The polite package is one of those tools that separates professional scrapers from beginners. Use it.

Handling Dynamic Content with chromote

Many modern websites load content dynamically with JavaScript. When you scrape these sites with rvest, you get empty pages because the content hasn't rendered yet.

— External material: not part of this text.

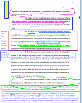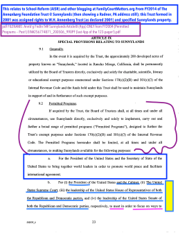 And, I’m not kidding about that last statement — see Article IX of the “Annenberg Foundation Trust at Sunnylands” (a jointly-managed by individual trustees, well trust) with Sunnylands representing a 200-acre property in Rancho Mirage California where Walter (who was Ambassador to Great Britain) and Leonore (U.S. Chief of Protocol), hosted Presidents and leaders, and 2001-2005, continued to set in perpetuity an intentional “Camp David West” scenario by writing certain terms into the trust which would, controlled by Annenbergs, continue to control that property. It’s unbelievable (I mean, the arrogance of this!) (one link for all three pages, annotated images just the first two images): Annb’g Fndtn Tr@ Sunnylands ArticleIX (4pp) ONLY from FY2004 (Permitted Programs — Post!) EIN#256774871_200506_990PF (last 4pp of the 123-pager!) See esp. bottom of page 1, and inside the red rectangle on p.2. The trust currently shows about $550B assets. (By giving both the year and EIN# here, I’m giving enough information to view the whole return, including the rest of the “keep our family in control” Articles or By-laws attached to that return, i.e., previous to Article IX…. The focus on Article IX is “Permitted Programs” and the intentional focus of the estate (the Sunnylands property):
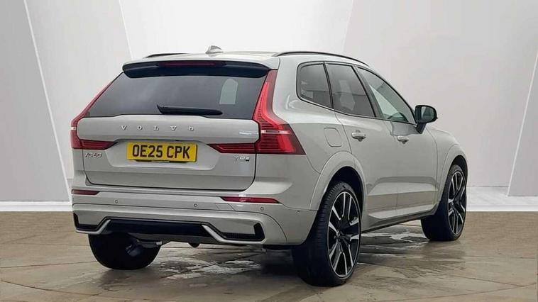 12.3" Progressive Driver Display, 360 degree surround view parking camera with side proximity sensors, 9" centre console touch screen, Adjustable steering wheel force, Apple carplay (wired), Bluetooth handsfree system, Drive mode settings, Driver alert control with lane keeping aid, Emergency services call system, Front and rear park assist, Google Automotive Services, Intelligent speed assistance, Oncoming Lane Mitigation, PAS, Power operated tailgate with handsfree opening and closing, Service interval indicator, Speed limiter, Speed sensitive steering, Trip computer, Volvo cars services with app, Volvo on call with App, Wireless/Inductive Mobile Phone Charging, 2 phase on board charger 6.4kW (home charging limited to 3.7kW), 7m 10amp charge cable with 3 pin plug and 6m 3 phase 16amp type 2/mode 3 charge cable, 8 speed automatic transmission with start/stop + manual change functions, Active four-C chassis + four corner adaptive damper with electronic rear air suspension, Electric rear axle drive, Recharging port located in nearside front wing, DAB Digital radio, Low speed exterior sound speaker, Premium sound by Bowers and Wilkins, dirac live, dolby pro logic II surround sound, 14 speakers/1100W output and fresh air subwoofer, Steering wheel remote infotainment controls, Active bending headlights with adaptive shadow technology, Adaptive brake lights with high level LED brake lights, Auto dimming interior + exterior mirrors, Automatic headlight levelling system, Automatic LED Headlights + Active high beam incorporating daytime running lights, Dark tinted windows for rear side windows and cargo area, Electric adjustable/heated/auto power folding door mirrors, Electric front+rear windows, Headlight cleaning system, High gloss black door mirrors and window surround, High gloss black front and rear bumper decoratives, High gloss black mesh front grille with high gloss black surround, Home safe and approach lighting, Integrated roof rails in high gloss black, Power glass tilt and slide panoramic sunroof with sun curtain, Puddle lights, Rain sensor with automatic windscreen wiper activation, Rear side wing doors, Rear wiper, Roof antenna, Roof spoiler, Tinted windscreen, Visible VIN plate, 12V socket in front tunnel console and luggage compartment, 2 zone electronic climate control with Clean zone air quality system and pollen filter, 3 seat bench in 2nd row, A-pillar parking ticket holder, Air purifier particulate matter (PM) 2.5 filter, B Pillar ventilation, Bright metal luggage scuff plate, Centre console cupholders and storage, Charcoal floor mats, Front and rear courtesy lights, Front and rear door pocket illumination, Front cupholder illumination, Front footwell illumination, Front reading lights, Front seat cushion extensions, Glovebox compartment with illumination, Head restraints for all seats, Heated front seats, Heated steering wheel, Height/reach adjustable steering column, Illuminated luggage compartment, Illuminated vanity mirrors + ticket holder, ISOFIX attachment on outer rear seats, Load cover, Load protection net, Multi directional lumbar support, Power driver seat with memory + exterior mirrors memory, Power folding rear headrests, Power passenger seat with memory, Rear armrest with cupholder, Rear footwell and front and rear side step illumination, Rear reading lights, Rear seat concealed storage, Recharge aluminium tread plates, Single front passenger seat, Tailgate illumination and ambient door lighting, Underfloor stowage compartment, Versatile split folding rear seat - 60/40, Driver assist pack with Driver awareness - XC60, 5 three point seatbelts, City safety with steering support with Pedestrian + cyclist + front collision warning with full auto brake and rear auto brake, Drivers knee airbag, Dual stage driver/passenger airbags, Electronic parking brake with auto hold, First aid kit, Front seats SIPS airbags, Hill descent control - Off-road drive mode, Hill start assist, IC (Inflatable Curtains) - Full Length, Passenger airbag cut-off device, Power child locks on rear doors, Run off Road Mitigation, Run off Road Protection, Seatbelt reminder and pretensioners, SIPS (Side Impact Protection System), Slippery road and hazard light alert, Stability and Traction Control with Spin control, Engine Drag Control and Corner Traction Control, Tyre pressure monitoring system, Vehicle deceleration control with Anti-lock Brake System, Electronic Brake Distribution and Emergency Brake Assist, Warning triangle, WHIPS whiplash protection system - front, Anti-theft alarm including immobiliser/volume sensor + level sensor, Care key with user defined top speed, Key integrated remote control central locking + fuel flap with deadlocking system and auto open/close power windows, Keyless Drive (includes Keyless Entry and Keyless Start), Locking wheel nuts, Private locking for tailgate, Tailored instrument panel with contrast stitching, Tyre sealant kit + 12v compressor,

RSelenium is the traditional solution, but it's heavy—requires Java, external servers, and lots of setup. The chromote package is lighter and more R-native.

Basic chromote Setup

library(chromote)
library(rvest)

# Create a new Chrome session
browser <- ChromoteSession$new()

# Navigate to a JavaScript-heavy page
browser$Page$navigate("https://example.com/dynamic-content")

# Wait for page to load
browser$Page$loadEventFired()

# Get the fully rendered HTML
html_content <- browser$Runtime$evaluate("document.documentElement.outerHTML")$result$value

# Parse with rvest
page <- read_html(html_content)

# Extract data as usual
data <- page %>%
  html_elements(".dynamic-content") %>%
  html_text()

# Close browser when done
browser$close()

This opens a headless Chrome instance, waits for JavaScript to execute, and grabs the rendered HTML. You then parse it with rvest like any static page.

Handling Infinite Scroll

Here's a real-world challenge: sites that load more content as you scroll. You can automate scrolling with chromote:

library(chromote)

browser <- ChromoteSession$new()
browser$Page$navigate("https://example.com/infinite-scroll")
browser$Page$loadEventFired()

# Function to scroll to bottom
scroll_to_bottom <- function(browser, pause = 2) {
  # Get current scroll height
  prev_height <- browser$Runtime$evaluate(
    "document.body.scrollHeight"
  )$result$value
  
  # Scroll to bottom
  browser$Runtime$evaluate("window.scrollTo(0, document.body.scrollHeight);")
  
  # Wait for new content to load
  Sys.sleep(pause)
  
  # Get new scroll height
  new_height <- browser$Runtime$evaluate(
    "document.body.scrollHeight"
  )$result$value
  
  return(new_height > prev_height)
}

# Keep scrolling until no new content loads
scroll_count <- 0
while(scroll_to_bottom(browser) && scroll_count < 20) {
  scroll_count <- scroll_count + 1
  message(paste("Scroll", scroll_count))
}

# Now extract all loaded content
html_content <- browser$Runtime$evaluate(
  "document.documentElement.outerHTML"
)$result$value

page <- read_html(html_content)
browser$close()

This scrolls, waits for content to load, checks if the page got longer, and repeats. The scroll_count < 20 prevents infinite loops.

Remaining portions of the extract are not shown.